We will spend approximately one 50 minute class period on laboratory work every week. For every laboratory experiment you will be asked to write up a formal lab report (or entry in your lab journal) that includes the following components: experiment title, date, purpose, procedure, data and calculations, conclusion and sources of error as well as any pre-lab and post-lab questions (see Lab Report Guidelines at the end of this packet). Lab reports will go into 30% of your grade.
Grading policy: daily grades are 10%, quiz/lab grades are 30%, and tests/projects are 60%. The semester final is 20% of you first semester grade. The semester grades will be a combined total of an average of both 9 weeks (80%) and the semester final (20%). The final grade in the class is an average between semester 1 and 2.

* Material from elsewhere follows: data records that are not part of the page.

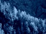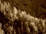 Magnificent autumn contrast between shadowy rocky wall and sunlit larch trees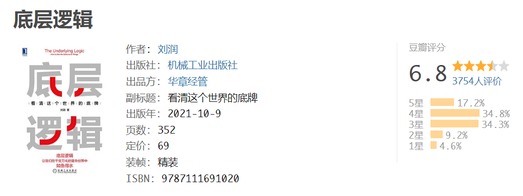 最后谈谈刘润的《底层逻辑》,我的评价是:书名起得太大,书写得既不底层,也没逻辑。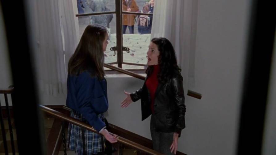 LORELAI: Oh hey, my crazy, stupid rules are the reason we’re doing so good in our lives. They’re the reason you grew up the way you did, the reason you’re even in this school, and the reason you’re going to go to Harvard, so don’t you dismiss my rules.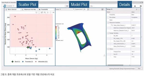 샘플링 포인트(sampling point)가 생성될 때마다 실시간으로 결과를 확인할 수 있으며, 설계 변수와 응답 변수를 원하는 X, Y 축에 맞춰 비교할 수도 있다. 스터디 완료 후에는 필터링 기능을 사용하여 원하는 설계안만 추려서 비교할 수 있다. Scatter Plot에서 제한조건을 충족하지 못하는 설계안이 ‘Infeasible’로 표시되고, 조건을 만족하는 설계안은 ‘Feasible’로 표시된다. 그 중에서도 목표에 가장 근접한 설계안은 ‘Best’로 표시된다. 또한, Model Plot에서는 각 설계안의 결과 변수를 즉시 컨투어(contour) 형태로 시각화해 확인할 수 있으며, 상세한 결과는 왼쪽 패널에서 세부적으로 확인할 수 있다. 이를 통해 설계 엔지니어는 해석 결과를 직관적으로 분석하고, 설계 최적화 과정을 효 율적으로 진행할 수 있다.

There will be at least, but not restricted to, two grades per week. About every three weeks there will be a test. Assignments are expected to be turned in on time. Due dates for the assignments will be given the time it is distributed. Class work is expected to be turned in at the end of class. Homework is typically expected to be turned in the next class period, unless determined otherwise by the Coach Marsh. Late assignments will receive a grade no higher than a 75 and will become a 0 after 3 days. Assignments need to be turned in during the 9 weeks it was assigned, none will be accepted out of their designated 9 weeks. Each student will receive a student handbook. Students should follow the guidelines spelled out in the handbook. Cheating policy is outlined in the student handbook and will be followed. Tarries and absences are also spelled out in the student handbook.
An Interactive notebook (INB) will be created and updated by the student. Contents of the INB will include but is not limited to notes, graphs, charts, graphic organizers, and labs. I have found that students who update and use their INB daily tend to be more successful in my class than students who do not.

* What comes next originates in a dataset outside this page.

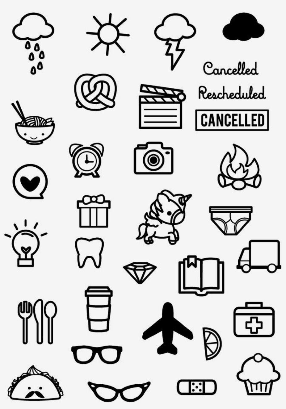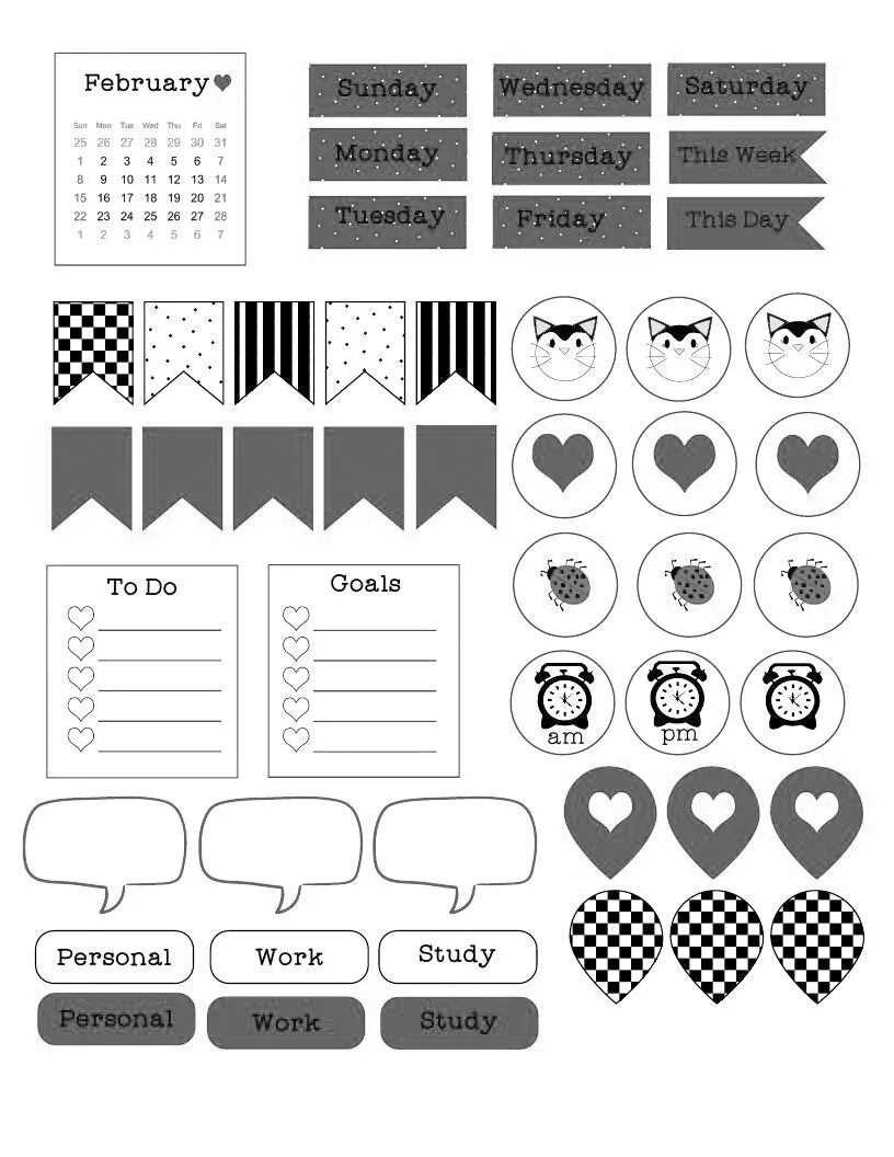 ![Стикеры для ежедневника черно белые]()

Tutorials will be held after school Monday and Wednesday from 2:35-3:15.
Food that students bring will not be allowed in the class at any time. The only thing allowed will be a clear water bottle. Please refrain from bring cups or contains.
Material list: these items will help the student achieve success in this class
- Two composition notebooks
- A pack of 20 pencils
- A pack of college ruled paper
- Backpack
- box of Kleenex
Class rules
- Listen carefully and follow directions
- Raise your hands to speak
- Respect others
- Use kind words
- Always do your best
- Help each other
- Treat others as you want to be treated
- Ask questions
- Cellphones may only be used with teacher permission
Cell phone policy: If a device is out in class when it is not supposed to be, the first time it is seen will be a warning, the second time the teacher will take up the device till the end of class, and the third time the teacher will take up the phone and hand it into the office. Students will have to pay a fine of $15 to receive their device back at the end of the day. Any further violations of the policy will see an automatic device sent to the office for a fine to receive it back and possible further consequences.